Publication information

Source:
Chicago Sunday Tribune
Source type: newspaper
Document type: editorial
Document title: “Stronger Immigration Laws Needed”
Author(s): Billings, George B.
City of publication: Chicago, Illinois
Date of publication: 15 September 1901
Volume number: 60
Issue number: 258
Part/Section: 2
Pagination: 13

 
Citation
Billings, George B. “Stronger Immigration Laws Needed.” Chicago Sunday Tribune 15 Sept. 1901 v60n258: part 2, p. 13.
 
Transcription
full text
 
Keywords
anarchism (dealing with); anarchism (laws against); anarchism (personal response).
 
Named persons
none.
 
Notes
A photograph of the author accompanies this editorial on the same page.

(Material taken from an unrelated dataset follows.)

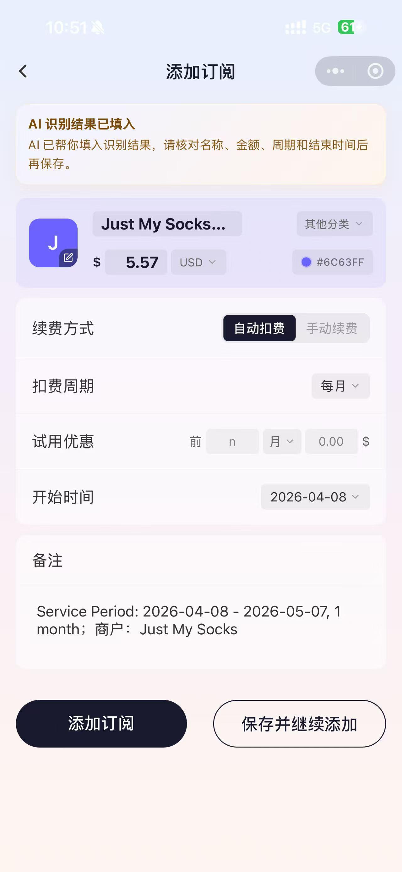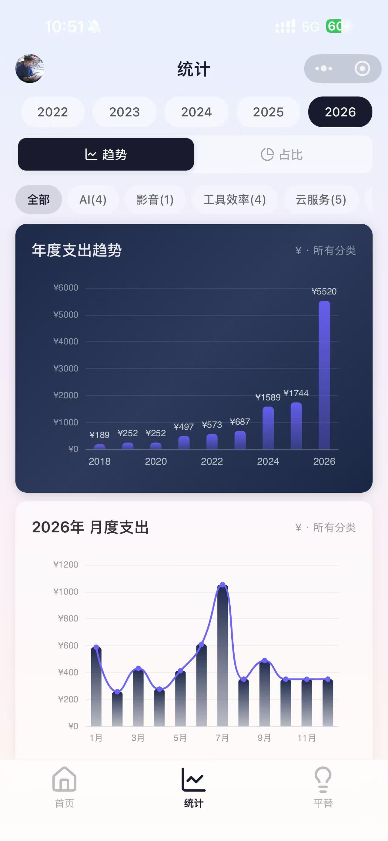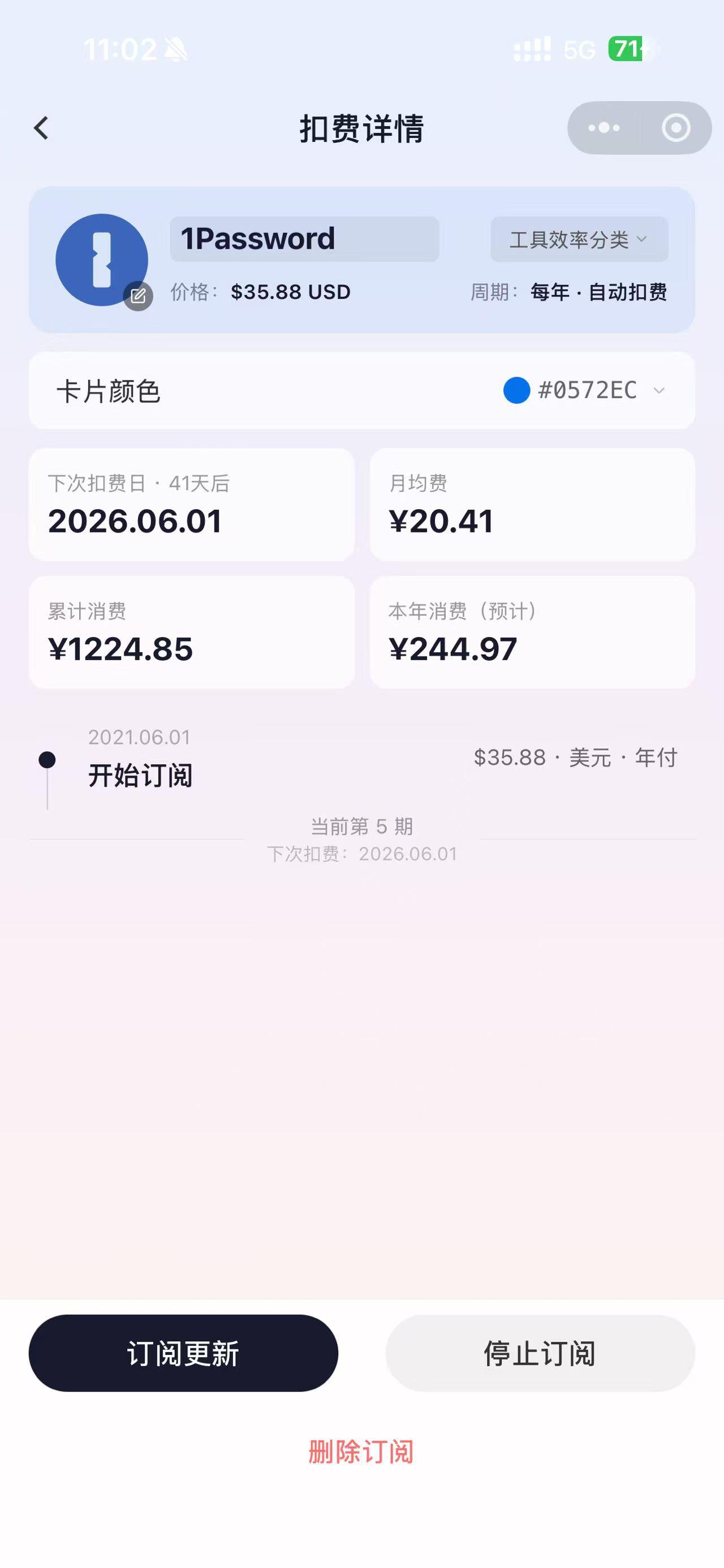 @donotquestion 记账成本高,也不直观,而且过于泛化。 订阅管理是记账下的一个垂直分类,更精细化的管理,当然记账也能满足需求,不过我更喜欢这种只处理订阅的场景。

“By George B. Billings, Immigration Commissioner.”
 
Document


Stronger Immigration Laws Needed

MUCH may yet be done toward strengthening the exclusion features of the immigration laws, and that task must be executed by Congress. The laws now take cognizance of Anarchists, but some of these pests manage to get into this country, as into every other.
     It has been suggested that it ought to be insisted that each immigrant should produce a certificate from the police authorities of the community from which he departs, this certificate to be a guarantee of his law-abiding character. It is generally understood, however, that this system would not work with complete satisfaction, because the authorities would be anxious to rid themselves of dangerous persons.
     The Immigration bureau has adopted the plan of enlisting the services of the physicians of the marine hospitals to pass upon the physical and mental health of every intending immigrant. This plan has worked well, the physicians recommending the prevention of immigration in many cases.
     The duty also has been imposed upon American Consuls abroad of guarding against undesirable immigration, and this system also has been beneficial. If the duty and authority of the Consuls could be extended so that they would investigate the character of intending immigrants, as well as the physical health of such persons, that, it seems to me, would be a great advantage.
     I assume that nobody but a madman of the nature of a wild beast would commit an atrocity like that which has startled and horrified us all at the present time, and it seems reasonable to suppose that closer investigation of the character, disposition, and environment, and of the political and social affiliations of intending immigrants, would exclude many more dangerous persons than the laws now can reach.
     The laws, then, must be made more stringent, and a system of more detailed observation and investigation be established. This latter plan, as I have said, may be operated through the agency of our consular system.
     One is tempted at this moment to recommend any measures, however severe, to keep these shores clean of the foul brood of anarchy, but it is a serious problem, and one with which Congress has wrestled in the past and will have to wrestle with in the immediate future. The horror and indignation which have resulted from the striking down of a man of the noble character of our President will, I am sure, find immediate results in concerted and decisive legislative action against anarchy.